Walls, Emails and A Bad Hair Day: The 2016 American Presidential Elections are a Joke

With the current President, Barack Obama, ending his final year as leader of The Land of The Free, the elections are just around the corner, and I believe that there has never been an election quite like it.

From childish, racist insults and false accusations to comparing penile length and girth, this year’s presidential elections have morphed into what seems to be a Reality TV Show. Whatever is the most offensive or ‘’politically incorrect’’ is what gets the most attention. We are bombarded with sound bites and video clips of the most cringe-worthy and completely ridiculous statements made by candidates and never get a glimpse of what their policies are, what their core beliefs are, or even of what the softer side (if ever they have it) of their humanity is like. Furthermore, media outlets eat up the statements made by specific candidates more than others and will showcase only them, excluding the others, knowing that even the audiences are more interested in these candidates and what they will do next. Some candidates ‘’say it like it is’’, others may delete all emails thinking they were ‘’unimportant’’. Others may even try to showcase their intended plans and policies but are silenced by the cameras that are focused on the more charismatic and louder candidates, the ones with a status in American pop-culture. It’s late-night TV shown during the day.
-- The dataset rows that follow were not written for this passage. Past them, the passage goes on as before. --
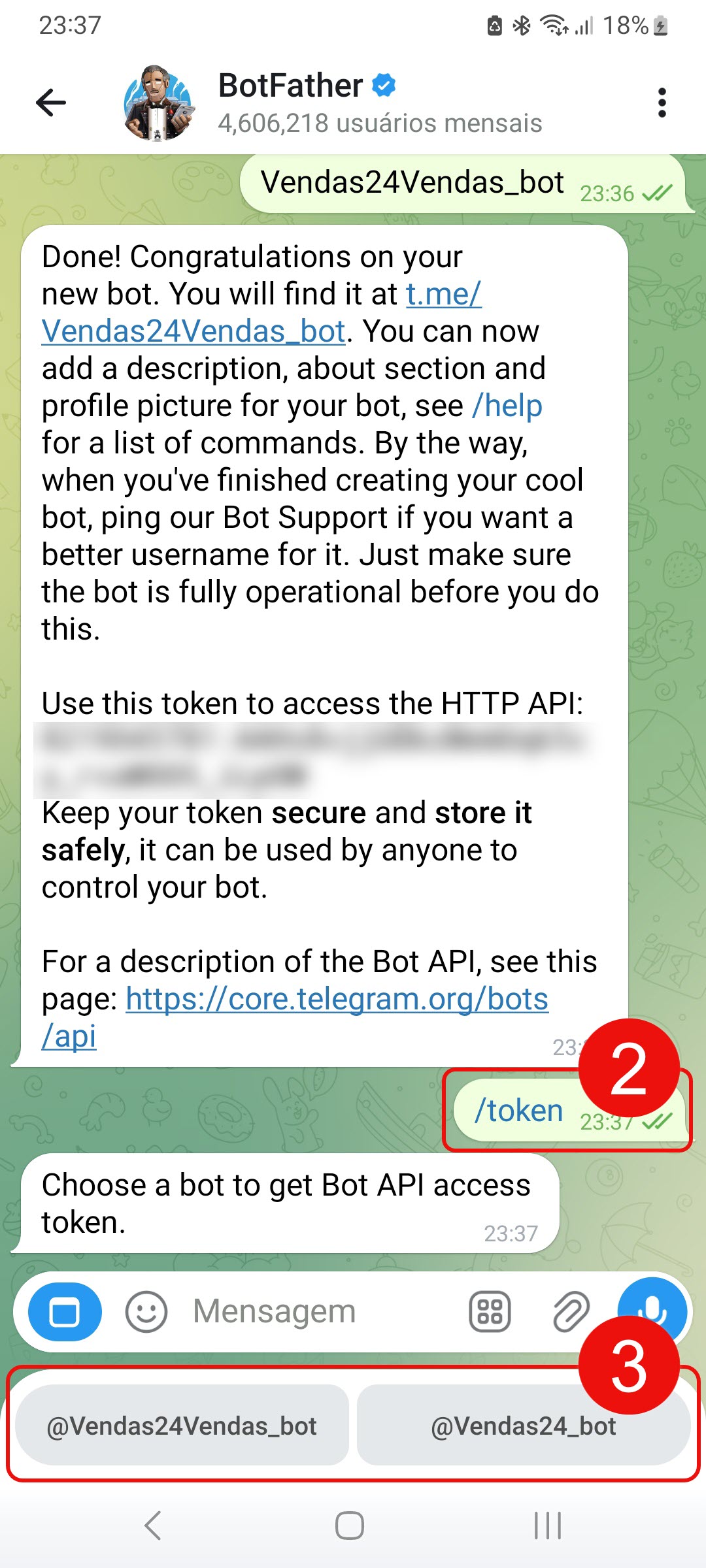 6. Pronto, o bot foi criado. Para copiar o token, clique na linha que aparece imediatamente após a frase Use this token to access the HTTP API.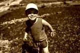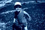Delighted child smiles while having fun in a mountain stream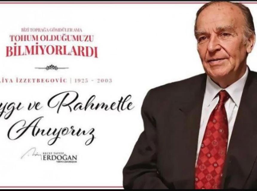 Erdoan je na svom Twitter profilu objavio fotografiju Izetbegovića uz njegovu poznatu rečenicu "Nas su zakopali u zemlju, ali nisu znali da smo sjeme".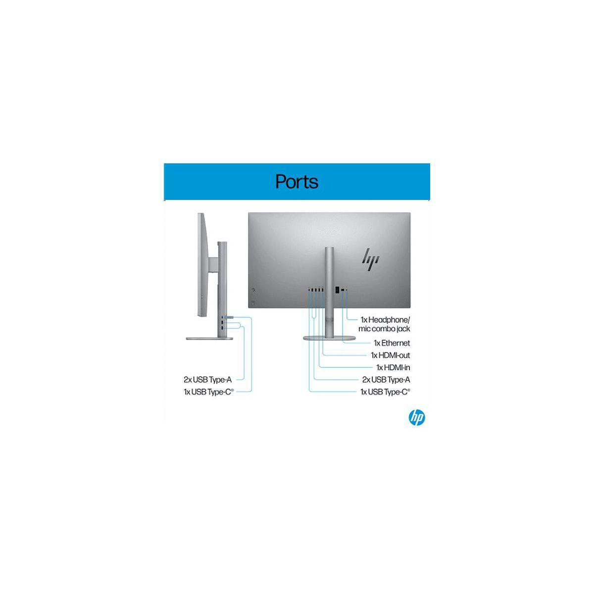 • Ports: 1 USB Type-C 10Gbps signaling rate. 2 USB Type-A 10Gbps signaling rate. 1 USB Type-C 20Gbps signaling rate. 2 USB Type-A 10Gbps signaling rate. 1 headphone/microphone combo. 1 RJ-45(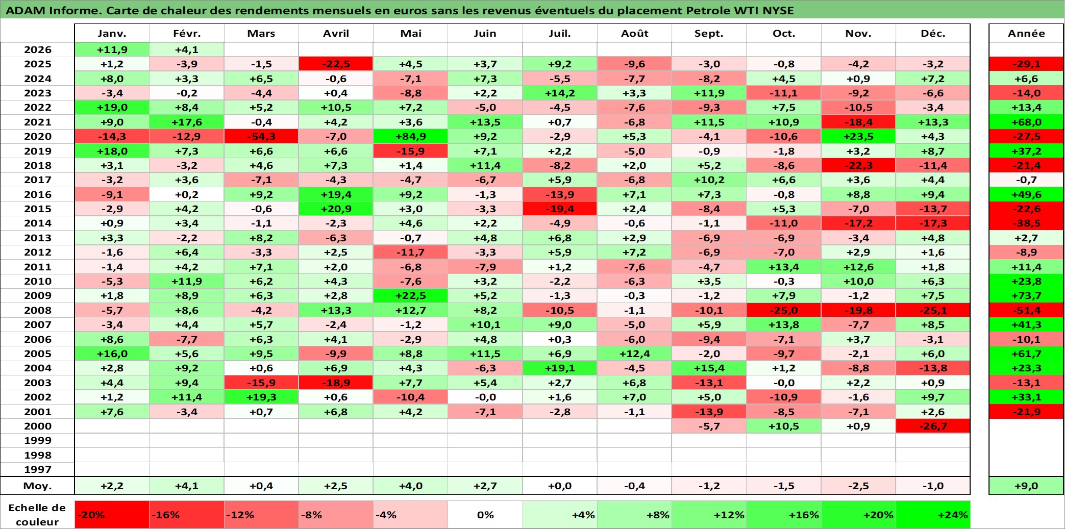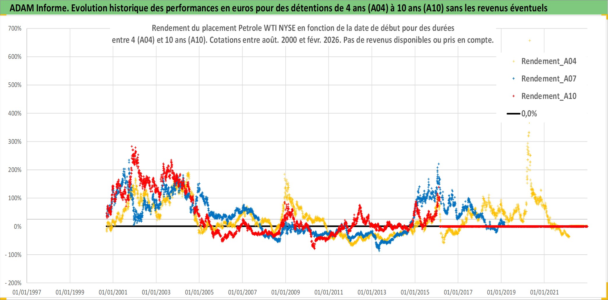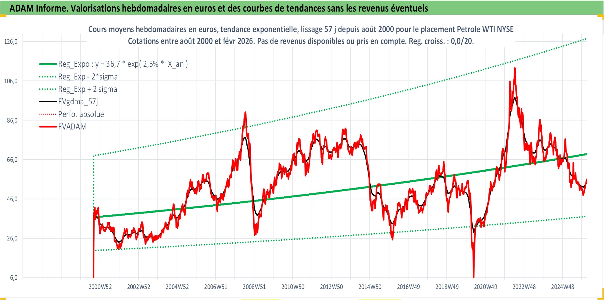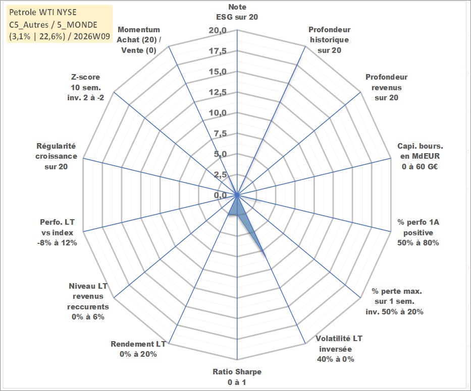 Site dédié aux investisseursPage dédiée sur site financeAnalyse des valorisations hebdomadaires de l'actif Petrole WTI NYSE. Cet actif est cote en USD. Les valorisations sont en contrevaleur EURO et couvrent les semaines 2000W35 a 2026W09. Les revenus de cet actif financier ne sont pas connus car non existants ou non disponibles sur le site Yahoo Finance. La note ESG de cet actif n'est pas connue.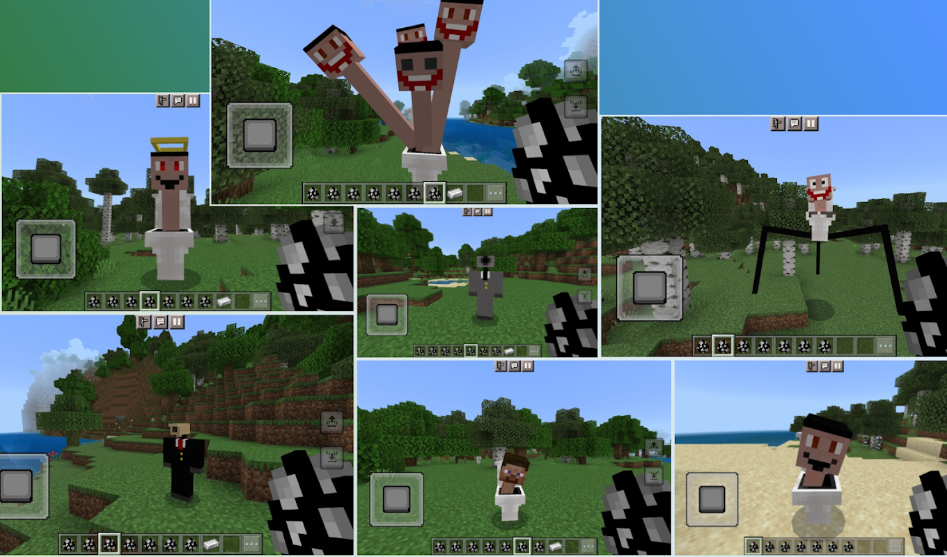 Vielen Dank, dass Sie sich für unseren kostenlosen Minecraft Skibidi Toilet Mod entschieden haben! Genießen Sie dieses gruselige Add-on mit Ihren Freunden oder Kollegen und tauchen Sie auf unvergleichliche Weise in die Welt von Minecraft ein. Vergessen Sie nicht, unsere anderen Add-ons, Mods, Karten, Skinseed, MC, Texturen, Minispiele und Skins mit dem Master-MC für Multicraft Bedrock Edition zu erkunden. Finden Sie öffentliche Toiletten und dringend benötigte Toiletten mit unserer WC-Finder-Funktion!

For instance, over the course of the last few months, there have been many debates between candidates of each party. The debates themselves are organized with questions that may stir up a very passionate debacle between opinions, but are unfortunately used as an event where candidates insult each other back and forth.

Insults involving gender, race, anatomy of the lower parts of the body, and even hair have been the highlights of every debate. It’s what gets the most attention. No one wants to know their beliefs; they just want to be entertained. Because of course, a debate must be entertaining, right? Forget all of that boring stuff like answering questions that are short and to the point! Let’s just talk about how we have tremendous wealth. Let’s talk about the fact that you are pro-choice and pro-life simultaneously, or how you have accepted money from a candidate of the opposite party.

They’ve certainly built walls around themselves, and they are paying for it. No one else is.

But the rallies… well… those are something else entirely.

For some candidates, it is simply an amalgamation glorious fists fights, bad hair, and a throwback to the Jim Crow era. For others it is just a rally, one where the candidate motivates their supporters and incites others to vote for them. Sure there are protesters, but there is never a brawl.

But ask yourself, which one gets more attention?

Of course, the recreation of Black Friday at your local Wal-Mart is certainly the media’s first pick.

The elections have become a representation of the most hideous side of humanity; it’s become a joke. It is used as an outlet to get attention for some candidates, and these candidates in question get all that. Elections should not be about insults, who is richer, or who is more controversial, they should be about who has the best expertise and policies, and about who shares the same beliefs as the masses. That is what an election is for; to decide the leaders and even the fate of a country.

And as much as many of us treat it like a joke, it is not a joke.

Voting does count. Every person counts.